Action item :: With the images removed, repeat the data below exactly.

Dataset extract ::
============================================================

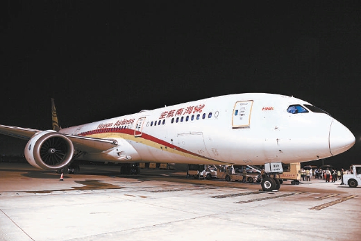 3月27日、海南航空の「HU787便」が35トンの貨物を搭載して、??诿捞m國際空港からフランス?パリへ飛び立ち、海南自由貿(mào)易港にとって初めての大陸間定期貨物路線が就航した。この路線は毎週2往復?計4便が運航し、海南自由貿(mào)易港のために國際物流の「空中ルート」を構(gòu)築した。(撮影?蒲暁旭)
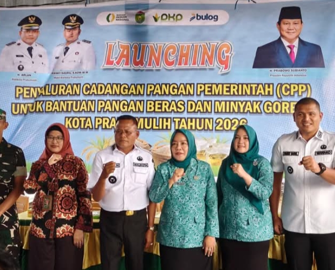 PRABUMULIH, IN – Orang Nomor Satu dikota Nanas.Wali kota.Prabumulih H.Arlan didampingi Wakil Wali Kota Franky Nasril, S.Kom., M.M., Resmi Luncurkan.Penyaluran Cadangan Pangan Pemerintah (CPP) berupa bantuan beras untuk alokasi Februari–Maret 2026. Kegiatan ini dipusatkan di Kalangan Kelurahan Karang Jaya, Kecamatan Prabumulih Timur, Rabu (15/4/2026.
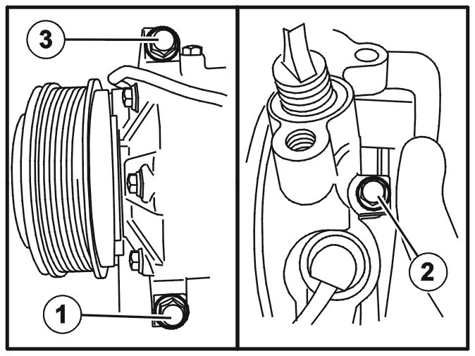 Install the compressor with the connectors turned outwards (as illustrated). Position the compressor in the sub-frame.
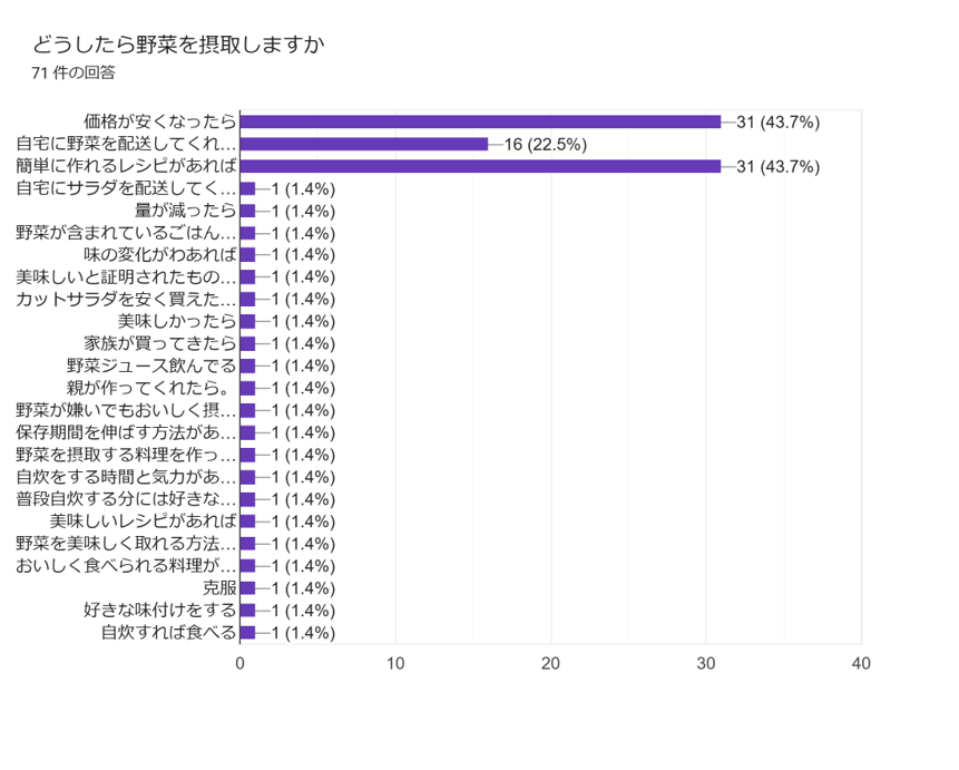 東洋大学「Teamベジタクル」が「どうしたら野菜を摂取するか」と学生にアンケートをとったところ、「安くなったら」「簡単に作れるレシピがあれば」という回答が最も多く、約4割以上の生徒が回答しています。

============================================================

Exercise output ::
 3月27日、海南航空の「HU787便」が35トンの貨物を搭載して、??诿捞m國際空港からフランス?パリへ飛び立ち、海南自由貿(mào)易港にとって初めての大陸間定期貨物路線が就航した。この路線は毎週2往復?計4便が運航し、海南自由貿(mào)易港のために國際物流の「空中ルート」を構(gòu)築した。(撮影?蒲暁旭)
 PRABUMULIH, IN – Orang Nomor Satu dikota Nanas.Wali kota.Prabumulih H.Arlan didampingi Wakil Wali Kota Franky Nasril, S.Kom., M.M., Resmi Luncurkan.Penyaluran Cadangan Pangan Pemerintah (CPP) berupa bantuan beras untuk alokasi Februari–Maret 2026. Kegiatan ini dipusatkan di Kalangan Kelurahan Karang Jaya, Kecamatan Prabumulih Timur, Rabu (15/4/2026.
 Install the compressor with the connectors turned outwards (as illustrated). Position the compressor in the sub-frame.
 東洋大学「Teamベジタクル」が「どうしたら野菜を摂取するか」と学生にアンケートをとったところ、「安くなったら」「簡単に作れるレシピがあれば」という回答が最も多く、約4割以上の生徒が回答しています。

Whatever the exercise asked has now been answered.